Best Observed Performance of embedding layer :

Epoch 13–15 in the last model training session:

Validation accuracy was ~54.4% (highest among the epochs observed).
Validation loss reached a minimum of 0.8607, suggesting the embedding layer performed best at this point.

#Comparing Performance

#For 100 samples:
Embedding model accuracy: 0.5258
Pretrained model accuracy: 0.5346
#For 500 samples:
Embedding model accuracy: 0.5269
Pretrained model accuracy: 0.5376
#For 1000 samples:
Embedding model accuracy: 0.5270
Pretrained model accuracy: 0.5405
#For 2000 samples:
Embedding model accuracy: 0.5277
Pretrained model accuracy: 0.5405

#Conclusion:

At every training sample size, the pretrained embedding model performs marginally better than the embedding model.
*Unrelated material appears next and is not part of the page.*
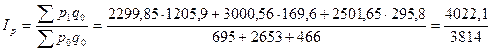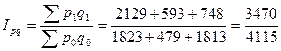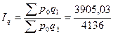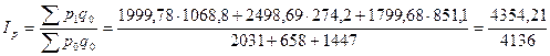 Определим сводный индекс физического объема проданных товаров.
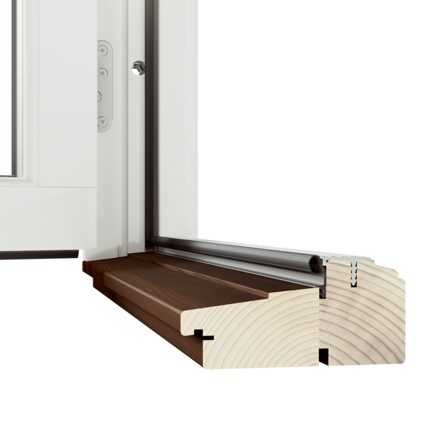 Retro Altan- och Fönsterdörr erbjuds med tröskelalternativet som visas på bilden, en tröskel i trä med höjd 48 mm.

The pretrained model appears to perform slightly better, despite the tiny variations, indicating that even with fewer training datasets, employing pretrained embeddings is advantageous.

Performance trend based on different training size for pretrained model

100 samples: Pretrained model accuracy = 0.5346

500 samples: Pretrained model accuracy = 0.5376

1000 samples: Pretrained model accuracy = 0.5405

2000 samples: Pretrained model accuracy = 0.5405


The pretrained model’s accuracy increases slightly as you go from 100 to 1000 samples but then stabilizes at 2000 samples (no further increase in accuracy from 1000 to 2000).
For the pretrained model, you get a stable accuracy of 0.5405 starting from 1000 samples, and there's no noticeable improvement with more samples (2000).


Best choice: 1000 samples seems to be a good compromise. The accuracy is relatively high, and adding more samples (up to 2000) doesn't provide significant improvement.